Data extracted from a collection
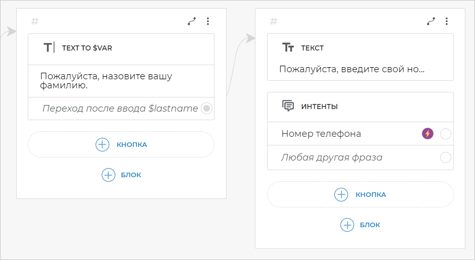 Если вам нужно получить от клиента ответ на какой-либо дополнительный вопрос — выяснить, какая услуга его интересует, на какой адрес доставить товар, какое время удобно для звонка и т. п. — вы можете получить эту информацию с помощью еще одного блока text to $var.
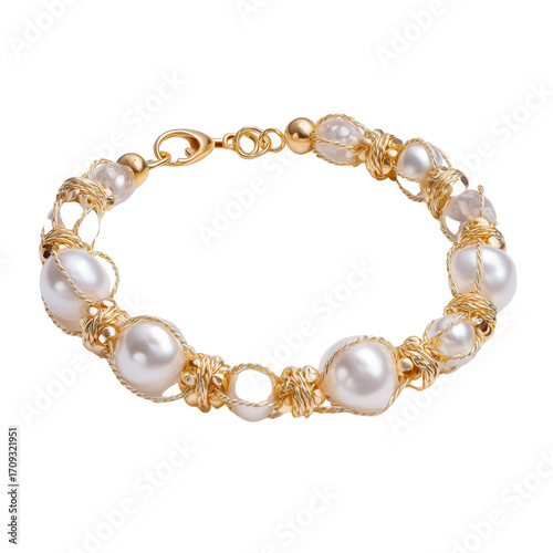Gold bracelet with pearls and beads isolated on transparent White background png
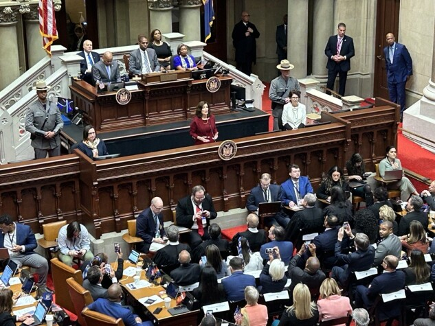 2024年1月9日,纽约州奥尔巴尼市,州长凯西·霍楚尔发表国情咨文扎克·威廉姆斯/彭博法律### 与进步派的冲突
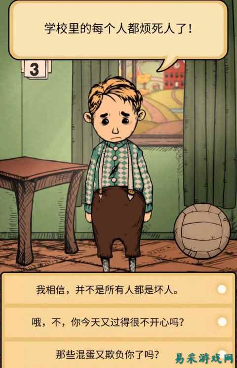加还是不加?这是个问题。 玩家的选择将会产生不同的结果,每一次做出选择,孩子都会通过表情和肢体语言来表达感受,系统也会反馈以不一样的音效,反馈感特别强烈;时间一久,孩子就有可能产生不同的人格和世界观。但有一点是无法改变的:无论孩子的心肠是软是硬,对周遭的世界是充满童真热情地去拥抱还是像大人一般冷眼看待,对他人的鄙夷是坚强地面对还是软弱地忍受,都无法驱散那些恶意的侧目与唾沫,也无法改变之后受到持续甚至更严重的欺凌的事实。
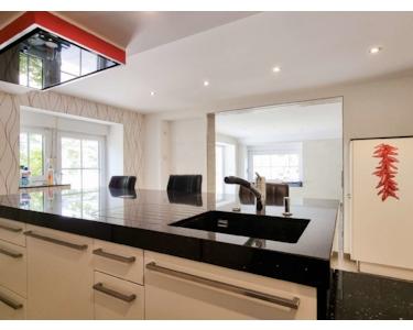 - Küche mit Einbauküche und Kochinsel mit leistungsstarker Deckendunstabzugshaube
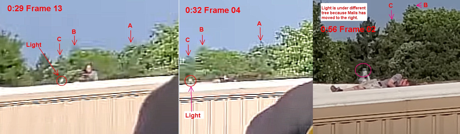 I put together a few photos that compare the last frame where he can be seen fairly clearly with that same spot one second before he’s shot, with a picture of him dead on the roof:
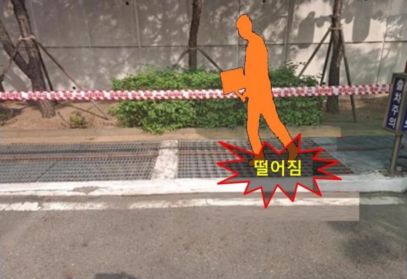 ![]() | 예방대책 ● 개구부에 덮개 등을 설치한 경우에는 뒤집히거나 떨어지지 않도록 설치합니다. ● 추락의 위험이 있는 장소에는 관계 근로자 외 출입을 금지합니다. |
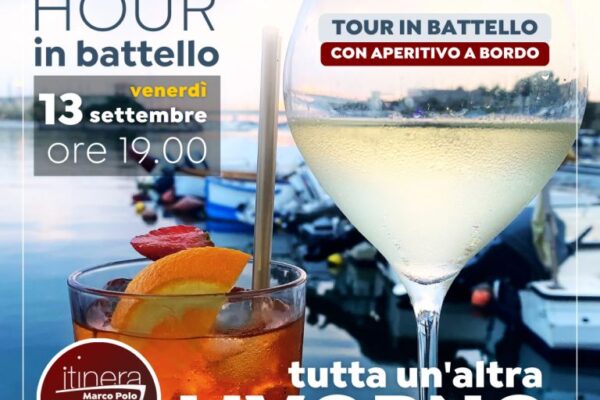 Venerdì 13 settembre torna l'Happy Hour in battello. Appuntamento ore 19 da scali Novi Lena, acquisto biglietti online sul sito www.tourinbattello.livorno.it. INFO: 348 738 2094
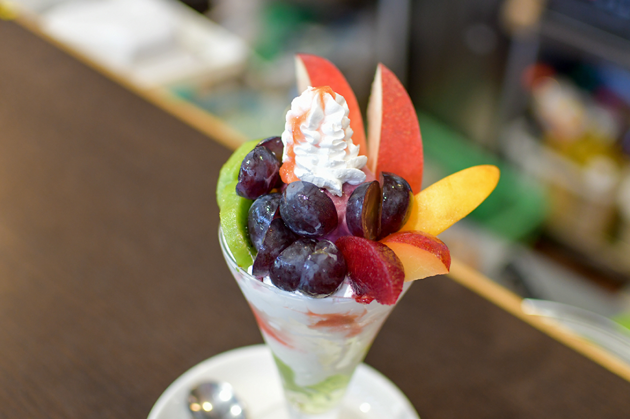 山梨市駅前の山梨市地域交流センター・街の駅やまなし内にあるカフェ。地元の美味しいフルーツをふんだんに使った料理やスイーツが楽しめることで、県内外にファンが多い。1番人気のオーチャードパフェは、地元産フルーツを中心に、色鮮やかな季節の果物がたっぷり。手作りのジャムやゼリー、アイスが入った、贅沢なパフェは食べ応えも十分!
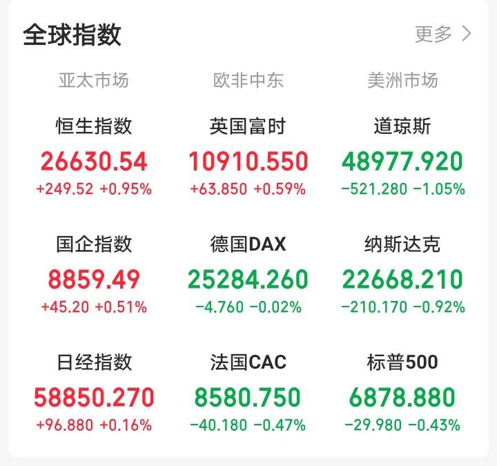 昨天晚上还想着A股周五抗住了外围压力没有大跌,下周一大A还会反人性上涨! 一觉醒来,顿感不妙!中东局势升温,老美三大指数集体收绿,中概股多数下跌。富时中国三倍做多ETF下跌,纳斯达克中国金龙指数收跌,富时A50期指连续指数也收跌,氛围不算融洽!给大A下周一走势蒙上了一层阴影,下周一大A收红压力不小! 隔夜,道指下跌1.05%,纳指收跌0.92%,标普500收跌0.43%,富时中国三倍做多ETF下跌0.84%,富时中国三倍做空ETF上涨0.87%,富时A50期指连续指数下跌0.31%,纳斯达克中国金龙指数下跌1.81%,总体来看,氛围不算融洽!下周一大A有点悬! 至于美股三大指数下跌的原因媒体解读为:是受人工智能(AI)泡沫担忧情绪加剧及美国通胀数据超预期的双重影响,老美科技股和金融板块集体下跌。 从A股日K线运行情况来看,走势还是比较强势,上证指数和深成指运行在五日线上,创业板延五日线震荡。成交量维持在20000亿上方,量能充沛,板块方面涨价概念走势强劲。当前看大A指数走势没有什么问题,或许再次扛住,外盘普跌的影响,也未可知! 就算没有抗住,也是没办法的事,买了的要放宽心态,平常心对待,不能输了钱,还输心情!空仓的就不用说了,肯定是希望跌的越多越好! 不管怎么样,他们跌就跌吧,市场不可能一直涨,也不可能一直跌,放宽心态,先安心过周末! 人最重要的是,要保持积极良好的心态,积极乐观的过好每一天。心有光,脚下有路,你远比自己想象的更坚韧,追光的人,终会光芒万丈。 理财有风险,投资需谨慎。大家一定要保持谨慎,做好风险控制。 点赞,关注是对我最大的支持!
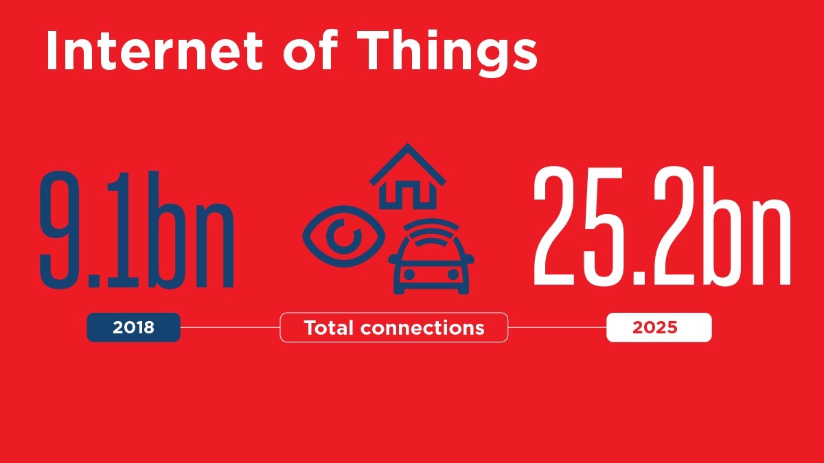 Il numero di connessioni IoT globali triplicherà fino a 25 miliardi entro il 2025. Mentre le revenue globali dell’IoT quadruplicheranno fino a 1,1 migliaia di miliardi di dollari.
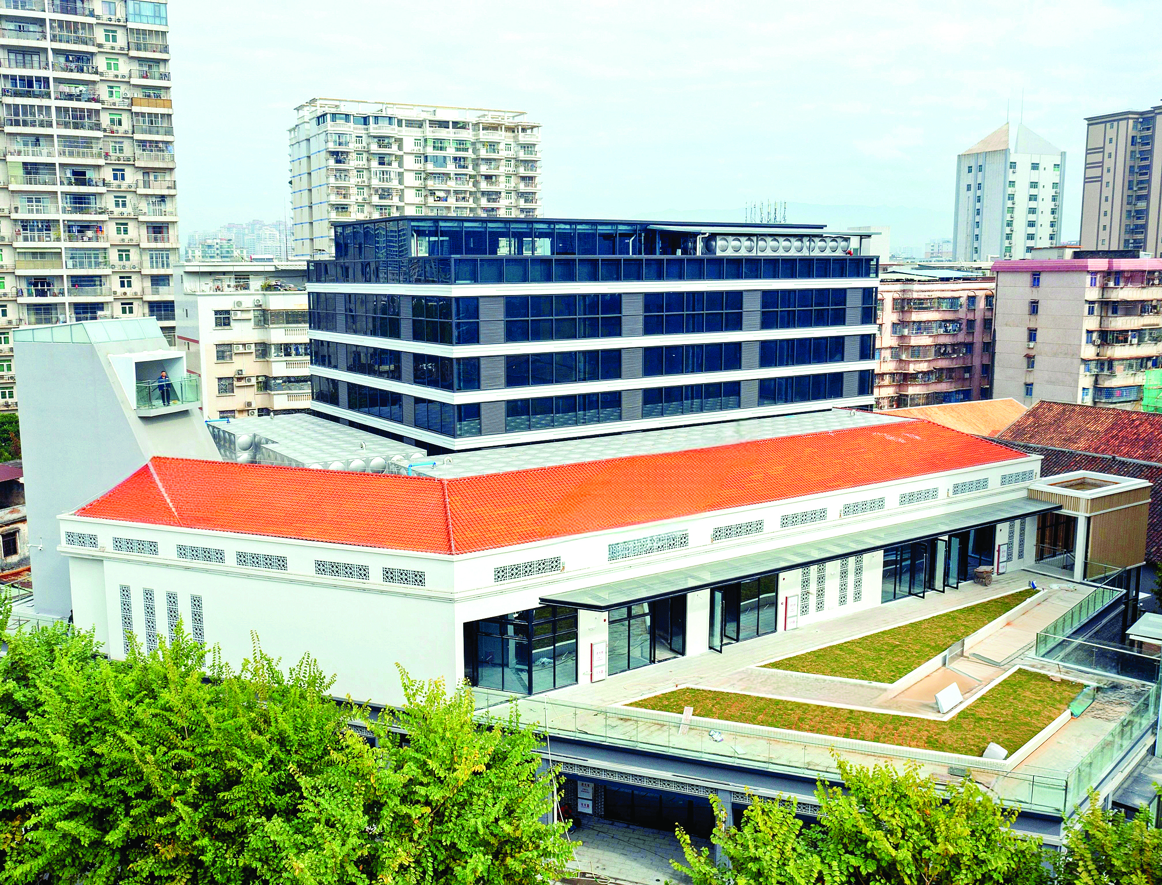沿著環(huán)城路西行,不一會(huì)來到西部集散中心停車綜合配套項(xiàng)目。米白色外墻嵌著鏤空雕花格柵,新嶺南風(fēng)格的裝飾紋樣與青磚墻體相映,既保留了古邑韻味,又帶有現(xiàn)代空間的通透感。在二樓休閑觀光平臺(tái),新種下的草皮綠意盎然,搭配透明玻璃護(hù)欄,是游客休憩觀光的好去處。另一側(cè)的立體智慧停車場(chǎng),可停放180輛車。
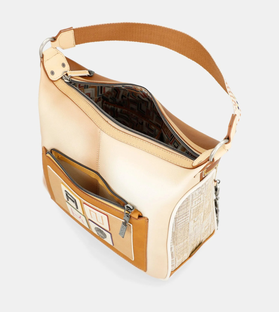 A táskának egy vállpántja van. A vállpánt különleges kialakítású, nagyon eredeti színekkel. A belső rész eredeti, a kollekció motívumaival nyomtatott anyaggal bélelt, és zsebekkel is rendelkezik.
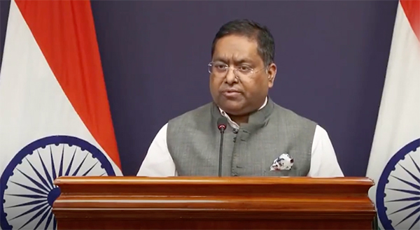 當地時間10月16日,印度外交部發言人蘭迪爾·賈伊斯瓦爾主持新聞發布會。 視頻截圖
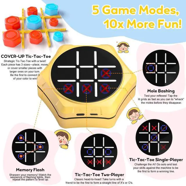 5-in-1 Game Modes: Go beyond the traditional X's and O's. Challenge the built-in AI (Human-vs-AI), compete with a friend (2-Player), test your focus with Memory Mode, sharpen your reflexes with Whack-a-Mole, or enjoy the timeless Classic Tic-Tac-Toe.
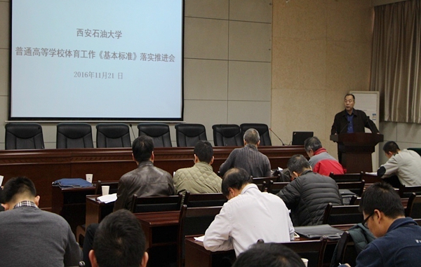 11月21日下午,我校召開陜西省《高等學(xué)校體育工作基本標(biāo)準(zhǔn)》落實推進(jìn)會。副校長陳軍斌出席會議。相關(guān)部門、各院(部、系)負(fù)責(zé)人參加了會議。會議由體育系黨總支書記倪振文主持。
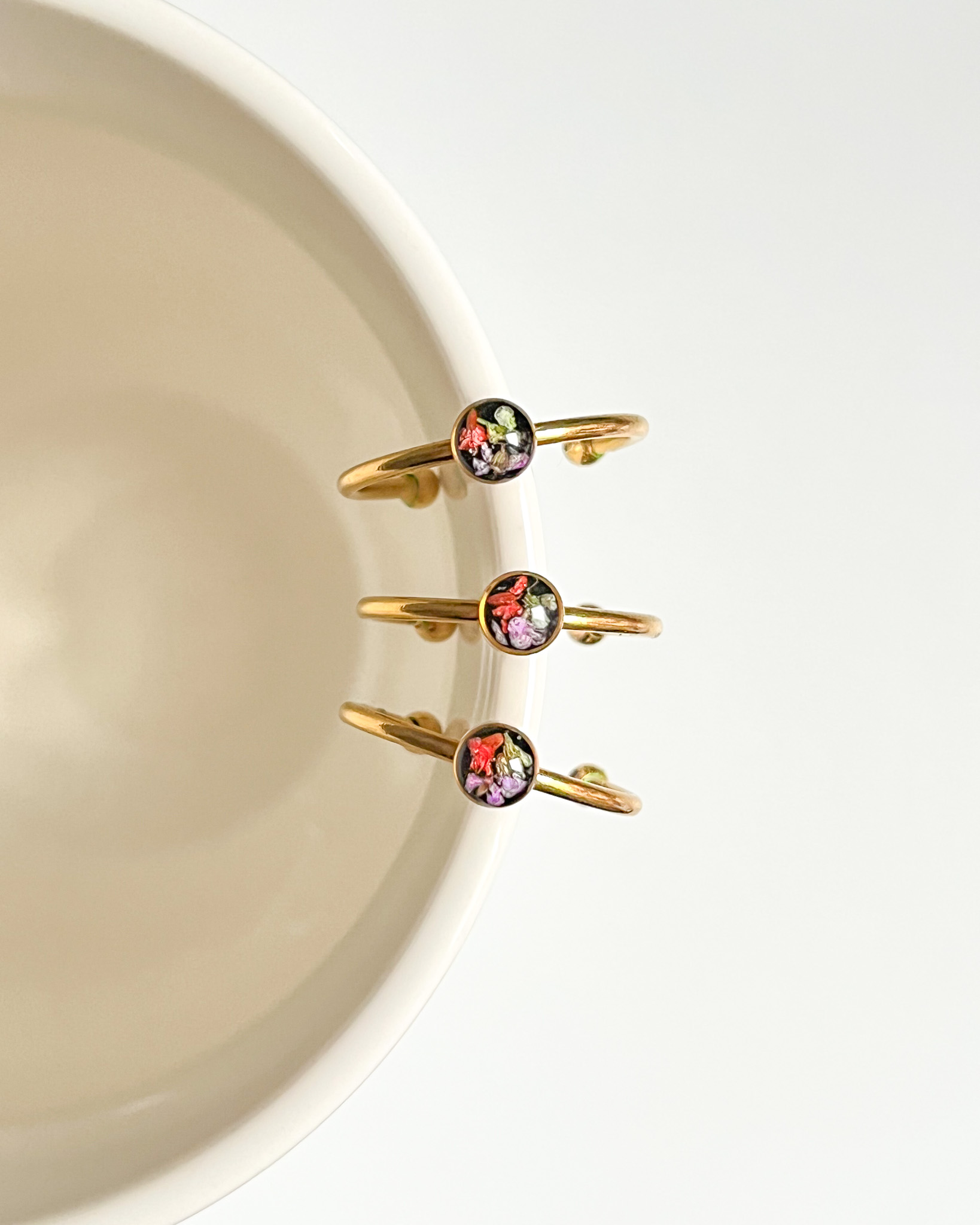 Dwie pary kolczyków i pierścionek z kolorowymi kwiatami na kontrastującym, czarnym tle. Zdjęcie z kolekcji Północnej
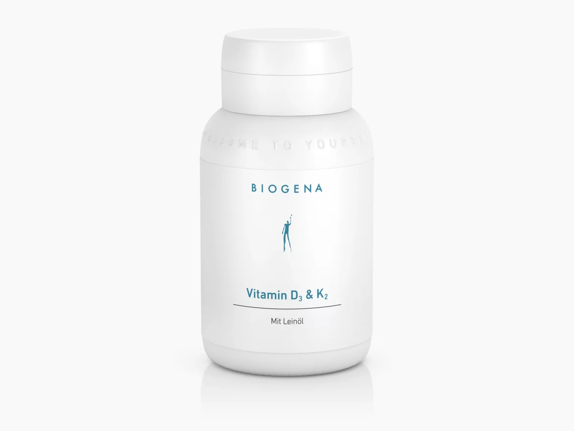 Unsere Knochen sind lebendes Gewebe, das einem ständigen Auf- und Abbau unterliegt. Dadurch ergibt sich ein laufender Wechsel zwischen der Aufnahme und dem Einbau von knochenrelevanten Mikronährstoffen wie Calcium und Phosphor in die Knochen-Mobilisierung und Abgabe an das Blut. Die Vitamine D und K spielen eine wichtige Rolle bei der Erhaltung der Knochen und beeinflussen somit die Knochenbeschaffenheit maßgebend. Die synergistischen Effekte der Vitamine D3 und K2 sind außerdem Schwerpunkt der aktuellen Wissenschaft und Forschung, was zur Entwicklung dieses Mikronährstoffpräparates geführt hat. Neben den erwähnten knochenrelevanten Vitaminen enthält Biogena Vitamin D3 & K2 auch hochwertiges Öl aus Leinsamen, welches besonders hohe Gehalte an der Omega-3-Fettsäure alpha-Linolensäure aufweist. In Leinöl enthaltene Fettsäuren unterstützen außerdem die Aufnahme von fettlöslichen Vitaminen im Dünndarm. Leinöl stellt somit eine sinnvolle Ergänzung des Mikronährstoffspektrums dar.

*Requirement*: Retype all of the entries exactly as written, leaving out any images.

*Written reply*:
 Если вам нужно получить от клиента ответ на какой-либо дополнительный вопрос — выяснить, какая услуга его интересует, на какой адрес доставить товар, какое время удобно для звонка и т. п. — вы можете получить эту информацию с помощью еще одного блока text to $var.
Gold bracelet with pearls and beads isolated on transparent White background png
 2024年1月9日,纽约州奥尔巴尼市,州长凯西·霍楚尔发表国情咨文扎克·威廉姆斯/彭博法律### 与进步派的冲突
加还是不加?这是个问题。 玩家的选择将会产生不同的结果,每一次做出选择,孩子都会通过表情和肢体语言来表达感受,系统也会反馈以不一样的音效,反馈感特别强烈;时间一久,孩子就有可能产生不同的人格和世界观。但有一点是无法改变的:无论孩子的心肠是软是硬,对周遭的世界是充满童真热情地去拥抱还是像大人一般冷眼看待,对他人的鄙夷是坚强地面对还是软弱地忍受,都无法驱散那些恶意的侧目与唾沫,也无法改变之后受到持续甚至更严重的欺凌的事实。
 - Küche mit Einbauküche und Kochinsel mit leistungsstarker Deckendunstabzugshaube
 I put together a few photos that compare the last frame where he can be seen fairly clearly with that same spot one second before he’s shot, with a picture of him dead on the roof:
 ![]() | 예방대책 ● 개구부에 덮개 등을 설치한 경우에는 뒤집히거나 떨어지지 않도록 설치합니다. ● 추락의 위험이 있는 장소에는 관계 근로자 외 출입을 금지합니다. |
 Venerdì 13 settembre torna l'Happy Hour in battello. Appuntamento ore 19 da scali Novi Lena, acquisto biglietti online sul sito www.tourinbattello.livorno.it. INFO: 348 738 2094
 山梨市駅前の山梨市地域交流センター・街の駅やまなし内にあるカフェ。地元の美味しいフルーツをふんだんに使った料理やスイーツが楽しめることで、県内外にファンが多い。1番人気のオーチャードパフェは、地元産フルーツを中心に、色鮮やかな季節の果物がたっぷり。手作りのジャムやゼリー、アイスが入った、贅沢なパフェは食べ応えも十分!
 昨天晚上还想着A股周五抗住了外围压力没有大跌,下周一大A还会反人性上涨! 一觉醒来,顿感不妙!中东局势升温,老美三大指数集体收绿,中概股多数下跌。富时中国三倍做多ETF下跌,纳斯达克中国金龙指数收跌,富时A50期指连续指数也收跌,氛围不算融洽!给大A下周一走势蒙上了一层阴影,下周一大A收红压力不小! 隔夜,道指下跌1.05%,纳指收跌0.92%,标普500收跌0.43%,富时中国三倍做多ETF下跌0.84%,富时中国三倍做空ETF上涨0.87%,富时A50期指连续指数下跌0.31%,纳斯达克中国金龙指数下跌1.81%,总体来看,氛围不算融洽!下周一大A有点悬! 至于美股三大指数下跌的原因媒体解读为:是受人工智能(AI)泡沫担忧情绪加剧及美国通胀数据超预期的双重影响,老美科技股和金融板块集体下跌。 从A股日K线运行情况来看,走势还是比较强势,上证指数和深成指运行在五日线上,创业板延五日线震荡。成交量维持在20000亿上方,量能充沛,板块方面涨价概念走势强劲。当前看大A指数走势没有什么问题,或许再次扛住,外盘普跌的影响,也未可知! 就算没有抗住,也是没办法的事,买了的要放宽心态,平常心对待,不能输了钱,还输心情!空仓的就不用说了,肯定是希望跌的越多越好! 不管怎么样,他们跌就跌吧,市场不可能一直涨,也不可能一直跌,放宽心态,先安心过周末! 人最重要的是,要保持积极良好的心态,积极乐观的过好每一天。心有光,脚下有路,你远比自己想象的更坚韧,追光的人,终会光芒万丈。 理财有风险,投资需谨慎。大家一定要保持谨慎,做好风险控制。 点赞,关注是对我最大的支持!
 Il numero di connessioni IoT globali triplicherà fino a 25 miliardi entro il 2025. Mentre le revenue globali dell’IoT quadruplicheranno fino a 1,1 migliaia di miliardi di dollari.
沿著環(huán)城路西行,不一會(huì)來到西部集散中心停車綜合配套項(xiàng)目。米白色外墻嵌著鏤空雕花格柵,新嶺南風(fēng)格的裝飾紋樣與青磚墻體相映,既保留了古邑韻味,又帶有現(xiàn)代空間的通透感。在二樓休閑觀光平臺(tái),新種下的草皮綠意盎然,搭配透明玻璃護(hù)欄,是游客休憩觀光的好去處。另一側(cè)的立體智慧停車場(chǎng),可停放180輛車。
 A táskának egy vállpántja van. A vállpánt különleges kialakítású, nagyon eredeti színekkel. A belső rész eredeti, a kollekció motívumaival nyomtatott anyaggal bélelt, és zsebekkel is rendelkezik.
 當地時間10月16日,印度外交部發言人蘭迪爾·賈伊斯瓦爾主持新聞發布會。 視頻截圖
 5-in-1 Game Modes: Go beyond the traditional X's and O's. Challenge the built-in AI (Human-vs-AI), compete with a friend (2-Player), test your focus with Memory Mode, sharpen your reflexes with Whack-a-Mole, or enjoy the timeless Classic Tic-Tac-Toe.
 11月21日下午,我校召開陜西省《高等學(xué)校體育工作基本標(biāo)準(zhǔn)》落實推進(jìn)會。副校長陳軍斌出席會議。相關(guān)部門、各院(部、系)負(fù)責(zé)人參加了會議。會議由體育系黨總支書記倪振文主持。
 Dwie pary kolczyków i pierścionek z kolorowymi kwiatami na kontrastującym, czarnym tle. Zdjęcie z kolekcji Północnej
 Unsere Knochen sind lebendes Gewebe, das einem ständigen Auf- und Abbau unterliegt. Dadurch ergibt sich ein laufender Wechsel zwischen der Aufnahme und dem Einbau von knochenrelevanten Mikronährstoffen wie Calcium und Phosphor in die Knochen-Mobilisierung und Abgabe an das Blut. Die Vitamine D und K spielen eine wichtige Rolle bei der Erhaltung der Knochen und beeinflussen somit die Knochenbeschaffenheit maßgebend. Die synergistischen Effekte der Vitamine D3 und K2 sind außerdem Schwerpunkt der aktuellen Wissenschaft und Forschung, was zur Entwicklung dieses Mikronährstoffpräparates geführt hat. Neben den erwähnten knochenrelevanten Vitaminen enthält Biogena Vitamin D3 & K2 auch hochwertiges Öl aus Leinsamen, welches besonders hohe Gehalte an der Omega-3-Fettsäure alpha-Linolensäure aufweist. In Leinöl enthaltene Fettsäuren unterstützen außerdem die Aufnahme von fettlöslichen Vitaminen im Dünndarm. Leinöl stellt somit eine sinnvolle Ergänzung des Mikronährstoffspektrums dar.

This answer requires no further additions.